I don't have a raft, but I do have an epirb. I tend to stay my butt closer to shore in the winter months. Just have to choose the day and always have a good float plan.


----------



## mfbt (Apr 5, 2012)

Well someone lemme know if they wanna go out and buddy up or if i can hop on board w cash bait n numbers, im lookin to go tomorrow even


----------



## Bengay (Apr 13, 2014)

Heading out in the morning with wife and 2 friends in a 32 Tiara. Going about 50 SE for Jacks,grouper,etc. Leaving East end of Destin Harbor about 7.
PM me and Ill send phone number.


----------



## Last Drop (Oct 3, 2007)

"I've been to the edge and there I stood and looked down"
Hell I've been to Ram Powell in my Sea Hunt Escape 225. Buddy system!


----------



## capt'n slim (Feb 8, 2008)

We used to take our 19ft aluminum hull, 90 hp FORCE out to the edge all the time. Just gotta pick your days and know whats going on around you.

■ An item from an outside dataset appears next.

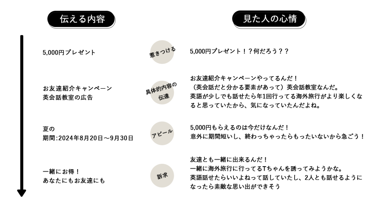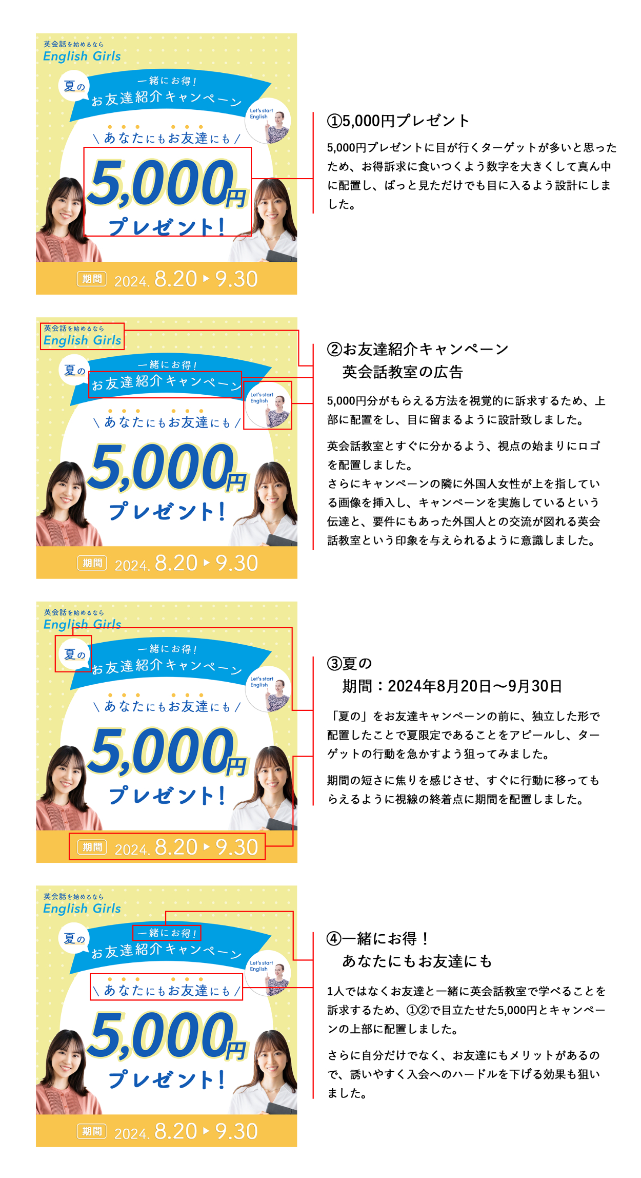 ・「あなたにもお友達にも」部分で背景と同じドットのあしらいと、呼びかけるようなあしらいを配置したことで、読んでもらいやすいように情報をまとめたほか、呼び込んでいる印象を与えてお得な情報があるということを認知させるような効果を出してみました。

Some people are overly cautious and will tell you, you need 2 motors, epirbs, SPOT, food for 6 months water for a year and yadda yadda just to leave the pass, truth is trust your gut, if your not comfortable leaving the pass in anything less than a yacht then don't but there are thousands of us that don't mind. If I die tomorrow on my boat all of my family knows i will have died doing what i live and went out how i wanted to, so it don't bother me to push the limit a little.


----------



## mfbt (Apr 5, 2012)

Awesome time Ron, thank yall for letting me n brian tag along!


----------